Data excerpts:
● ● ● ● ●
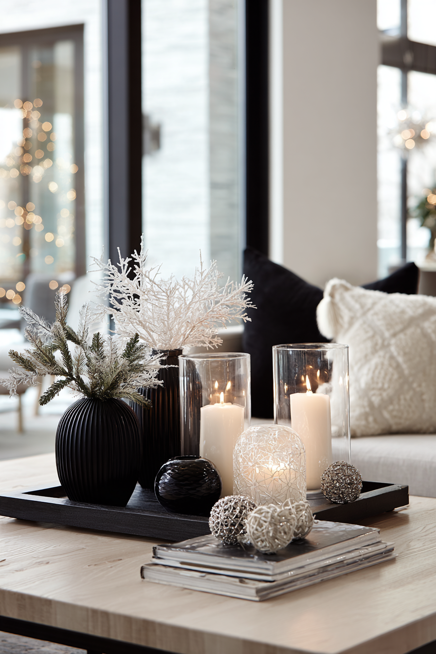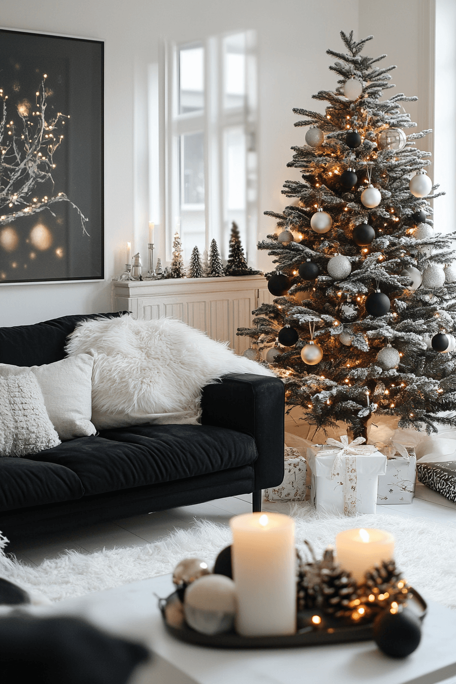 Monochrome tones bring striking contrast and timeless sophistication. Minimalist Christmas decor thrives on this union of black, white, and gray. The palette feels bold yet harmonious, polished yet warm. Every accent becomes more meaningful against the calm backdrop.
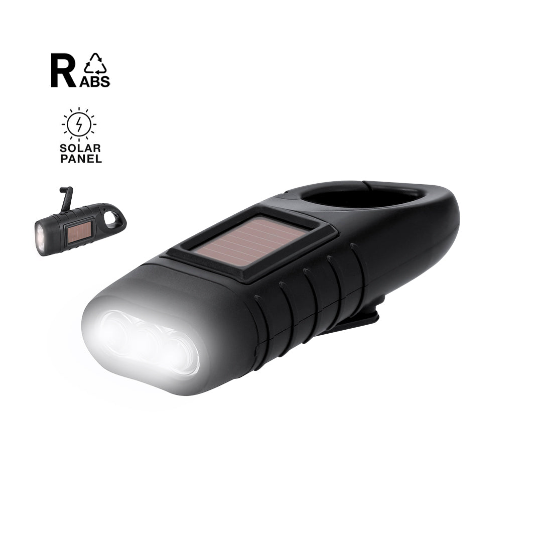 • Linterna ecológica de ABS reciclado con carga solar y manual por dinamo, regalo promocional sostenible
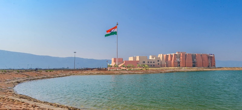 The Nalanda University campus is proud to be a 'NET ZERO' campus, focusing on environmentally-friendly activities and education. A water recycling plant has been installed, and with 100 acres of water bodies, the campus is designed to be eco-friendly.
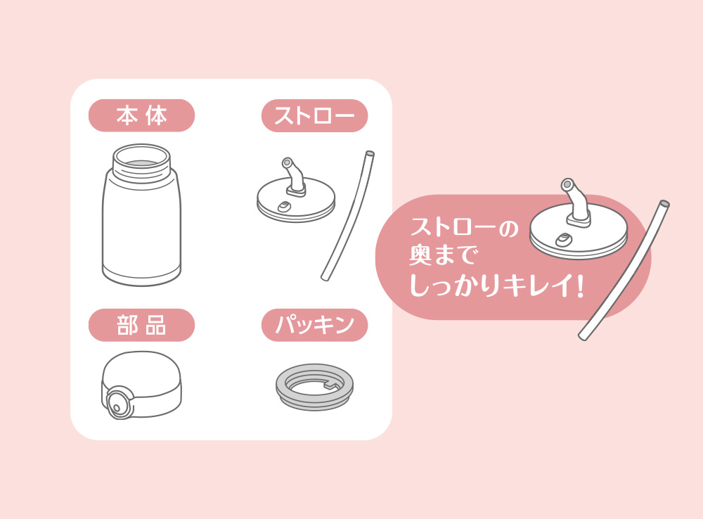 すべてのパーツに使えます。家族みんなのマグ・ボトルにも。
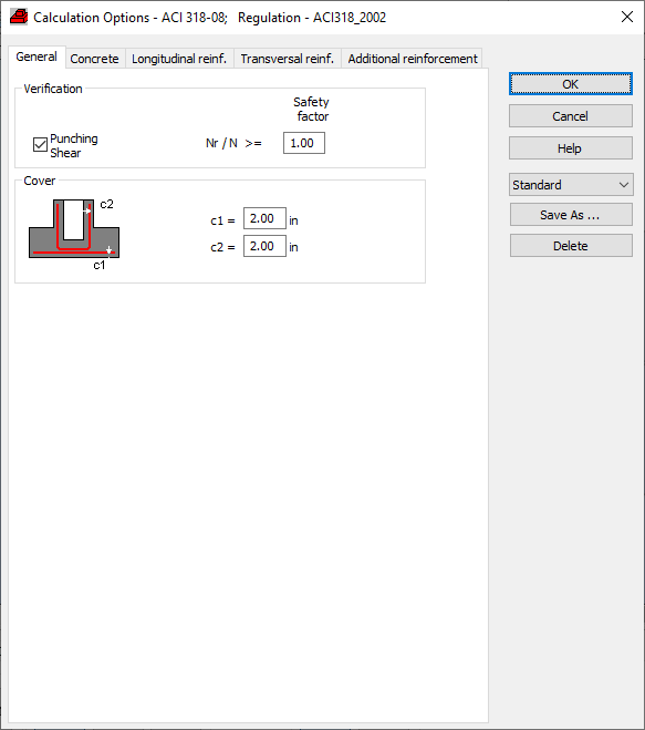 Once the Calculation Options dialog box for foundations is opened and the General tab is selected, the dialog box shown below will appear on the screen.
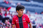Guadalajara, Jalisco, 26 de noviembre de 2025. Olmo Godinez (I), durante el partido correspondiente a la ida de la Gran Final del torneo Apertura 2025 de la Liga BBVA categoría Sub17, entre los Rojinegros del Atlas y los Rayados de Monterrey, realizado en el estadio Jalisco. Foto: Imago7/ Juan Carlos Cubeyro.
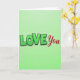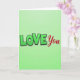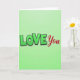 This greeting card centers on the words “LOVE You” placed right in the middle of the front. “LOVE” is written in big, all-caps letters in bright lime green, with a subtle dark outline and a rounded 3D look that feels soft and fun. Just below and slightly overlapping, “You” appears in a smooth, flowing cursive style in a deep red, which adds a more intimate touch ❤️. Behind the text is a gentle mint-green background that fades from lighter at the top to slightly deeper at the bottom, keeping the focus on the message. The mix of green and red makes the words stand out while still feeling calm and friendly. It’s meaningful to give because it says exactly what you feel without a lot of extra fuss, whether it’s for a partner or someone you care about a lot 🥰. Share it to pass along a little Valentine’s Day love and kindness.
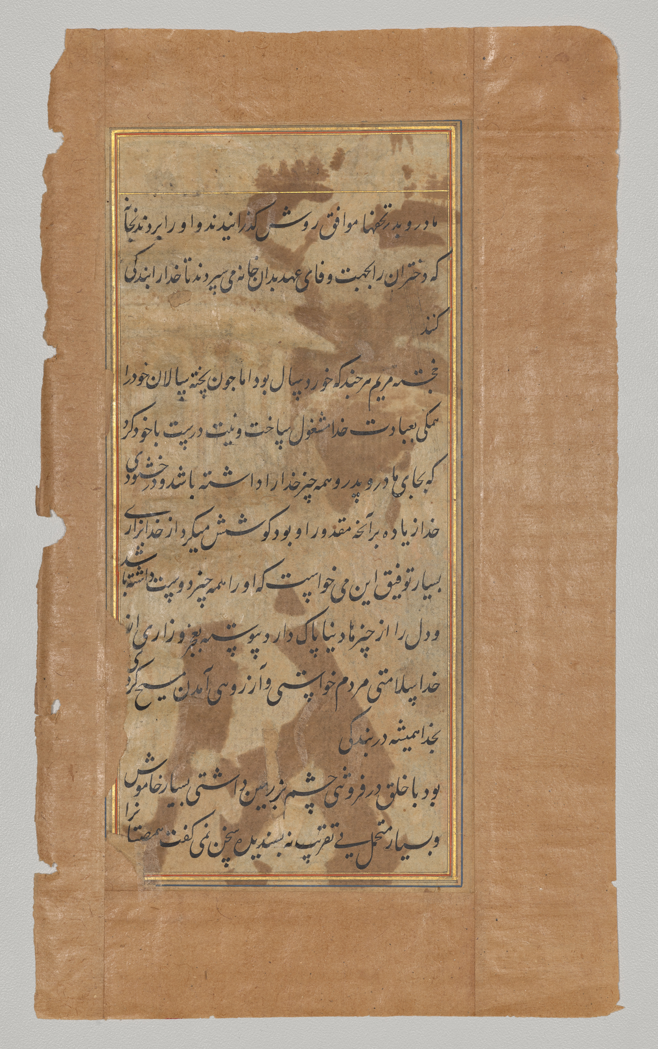 Brown paper with a central rectangular text area, surrounded by a thin gold border and a slightly thicker blue border. The text is written in black ink in a foreign script, possibly Arabic or Persian, and appears to be in a formal or calligraphic style. The paper has a rough, aged appearance with visible signs of wear, including tears along the edges, dark brown and black stains, and a crease down the center. The background behind the paper is light gray.
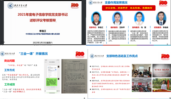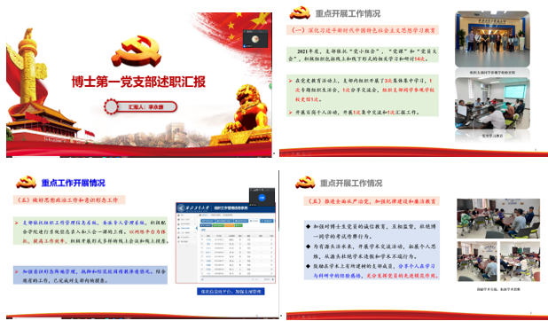 党委副书记彭亮介绍本次考核工作的考核内容和评分标准。本次考核覆盖20个学生党支部,包括5个本科生支部、11个硕士支部和4个博士支部,考核方式采用5分钟PPT线上汇报加3分钟专家点评及提问的方式进行。述职内容包含支部基本情况、支委作用发挥、“三会一课”开展情况、党员发展工作、党史学习教育情况、“百岗千人”活动开展情况、我为群众办实事、支部特色活动及工作亮点、存在的问题和下一步工作计划等。支部书记考核总分由两部分组成,一是根据答辩和述职报告情况专家打分(占总分的90%),二是根据党支部“三会一课”检查情况进行打分(占总分的10%)。
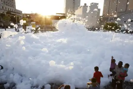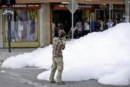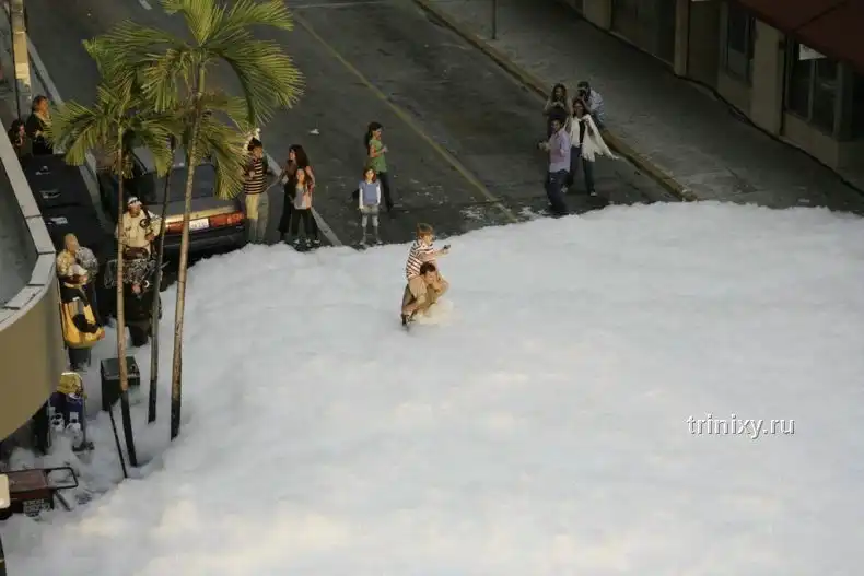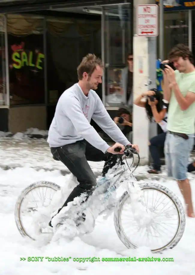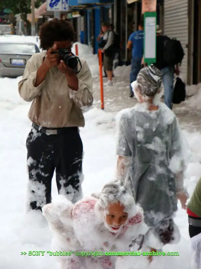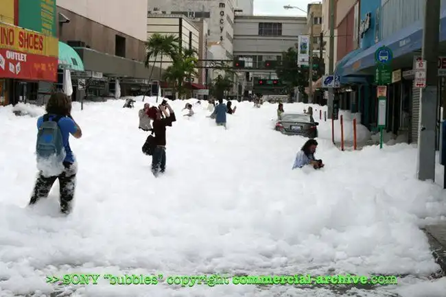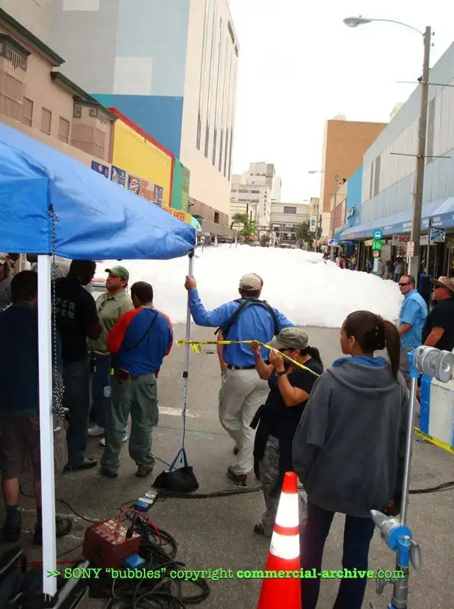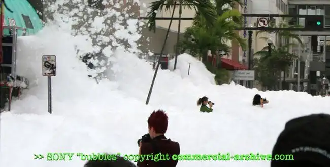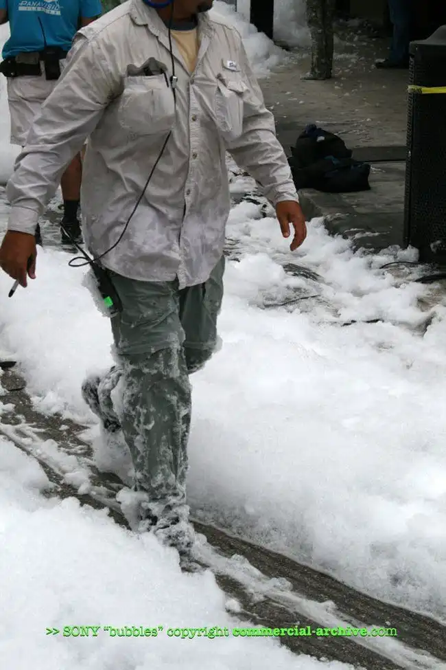 Отличные фотографии и видео со съемок новой рекламы Sony. Они вчера просто затопили Маями пеной. Для ее создания использовалась установка, способная производить 2 миллиона литров пены в минуту.
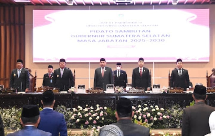_“Terima kasih kepada Yth. Sdr. Gubernur Sumatera Selatan yang telah menyampaikan pidato sambutannya sebagai Gubernur Sumatera Selatan masa jabatan 2025-2030, saya atas nama pimpinan dan lembaga DPRD Provinsi Sumatera Selatan mengucapkan selamat bertugas kepada Gubernur Sumatera Selatan Sdr. H. Herman Deru dan Wakil Gubernur Sumatera Selatan Sdr. H. Cik Ujang”_
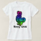 A drawing of a psychedelic colored silkie chicken with the words "Hippy Chick"
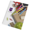 Include 80 fogli di carta in bianco (da 80 g/m²) e spirale nera o bianca. Disponibile in 3 misure; A4, A5 e A6. Disponibile decorazione a colori CMYK sulla copertina e su ogni foglio, davanti e dietro.
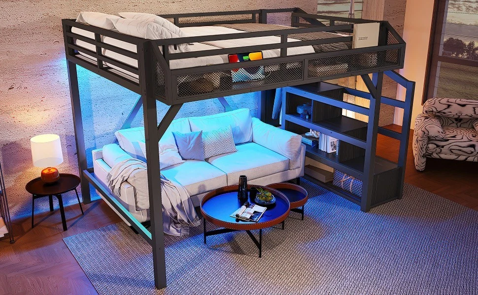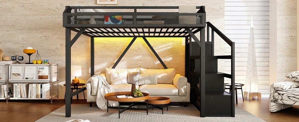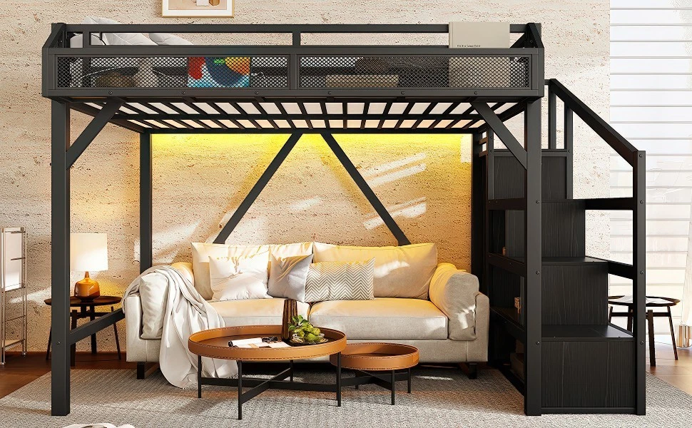 Full Loft Bed Metal Loft Bed Frame w/ Storage Stair,Shelves & Wardrobe Black Features 【Maximized Storage with Built-in Wardrobe & Shelves】This full loft bed with storage is designed for organization and function. It includes a built-in wardrobe, open shelving, and storage stairs — perfect for storing clothes, books, toys, or essentials while saving space in your bedroom. 【Convenient USB Ports & LED Light Strip Included】More than just a bed — this metal loft bed features built-in USB ports and LED lighting, making it ideal for late-night reading, studying, or charging devices without leaving your bed. A great choice for teens, students, or dorm living. 【Safe Climb Design with Full-Length Guardrails】Stay secure with full-length guardrails on the top bunk and sturdy stairs that double as storage. This loft bed with stairs offers both safe access and added functionality, giving you peace of mind for older kids or young adults. 【Sturdy Metal Frame with Noise-Reducing Structure】Crafted with a heavy-duty metal frame, this full loft bed is reinforced with premium hardware for durability and stability. Special noise-reducing connectors help minimize squeaking, offering a smoother, quieter sleeping experience. 【Easy Assembly with Complete Kit Included】This space-saving loft bed includes all necessary tools and a detailed illustrated manual for hassle-free setup. Whether you’re a DIY beginner or experienced, you can assemble it confidently and quickly without professional help. Descriptions Description Upgrade your bedroom with this all-in-one Full Loft Bed with Storage and Built-in Features, designed to maximize space while offering convenience, safety, and style. Ideal for teens, students, or anyone in need of vertical storage, this space-saving loft bed turns your sleeping area into a multifunctional living solution. Built with a durable metal frame, this loft bed features a smart layout that includes storage stairs, open shelves, and a built-in wardrobe — perfect for organizing clothes, books, toys, and essentials without taking up extra room. It’s a complete storage solution built right into your bed. Designed for modern living, the bed comes equipped with USB charging ports and LED strip lighting, making it easy to charge your devices or read at night without needing extra furniture or cords. Convenience and style come together in one streamlined setup. Weight & Dimensions Product Type Metal Loft Bed Color Black Woodgrain Size Full Material Metal+MDF Overall Product Dimension 90.94”L*56.7’’W*63.4”H Overall Product Weight 153.22 LBS Weight Capacity 350LBS Recommend Mattress Thickness 6'' Number of Package 2 Package Dimension & Weight Please refer to the Specification Level of Assembly Full Assembly Needed Eligible for Hardware Packs Yes Country of Origin China Note All the pictures are taken by actual samples, slight chromatic aberration may occur due to lighting or display.
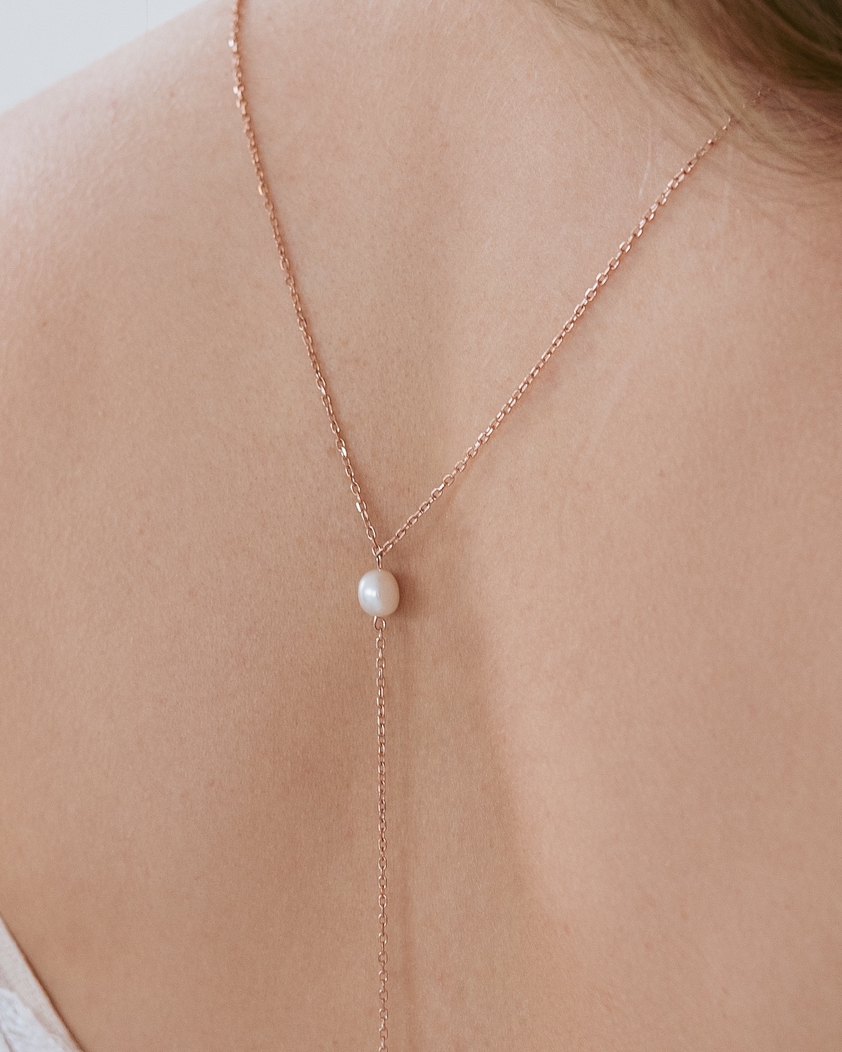 Entdecke unsere elegante Rückenkette mit Perlen, die mit ihrem modernem Design perfekt für im Rücken tief ausgeschnittene Brautkleider geeignet ist. Diese Kette mit echten Süßwasserperlen verleiht deinem Brautlook eine besondere Note und betont die Schönheit deines Rückens.
● ● ● ● ●
- **Exercise goal**
Using the records above, print exactly the run of lines that starts with the line with "Brown paper with" and goes on through the line with "Include 80 fogli", pictures excluded.

- **Written solution**
 Brown paper with a central rectangular text area, surrounded by a thin gold border and a slightly thicker blue border. The text is written in black ink in a foreign script, possibly Arabic or Persian, and appears to be in a formal or calligraphic style. The paper has a rough, aged appearance with visible signs of wear, including tears along the edges, dark brown and black stains, and a crease down the center. The background behind the paper is light gray.
 党委副书记彭亮介绍本次考核工作的考核内容和评分标准。本次考核覆盖20个学生党支部,包括5个本科生支部、11个硕士支部和4个博士支部,考核方式采用5分钟PPT线上汇报加3分钟专家点评及提问的方式进行。述职内容包含支部基本情况、支委作用发挥、“三会一课”开展情况、党员发展工作、党史学习教育情况、“百岗千人”活动开展情况、我为群众办实事、支部特色活动及工作亮点、存在的问题和下一步工作计划等。支部书记考核总分由两部分组成,一是根据答辩和述职报告情况专家打分(占总分的90%),二是根据党支部“三会一课”检查情况进行打分(占总分的10%)。
 Отличные фотографии и видео со съемок новой рекламы Sony. Они вчера просто затопили Маями пеной. Для ее создания использовалась установка, способная производить 2 миллиона литров пены в минуту.
_“Terima kasih kepada Yth. Sdr. Gubernur Sumatera Selatan yang telah menyampaikan pidato sambutannya sebagai Gubernur Sumatera Selatan masa jabatan 2025-2030, saya atas nama pimpinan dan lembaga DPRD Provinsi Sumatera Selatan mengucapkan selamat bertugas kepada Gubernur Sumatera Selatan Sdr. H. Herman Deru dan Wakil Gubernur Sumatera Selatan Sdr. H. Cik Ujang”_
 A drawing of a psychedelic colored silkie chicken with the words "Hippy Chick"
 Include 80 fogli di carta in bianco (da 80 g/m²) e spirale nera o bianca. Disponibile in 3 misure; A4, A5 e A6. Disponibile decorazione a colori CMYK sulla copertina e su ogni foglio, davanti e dietro.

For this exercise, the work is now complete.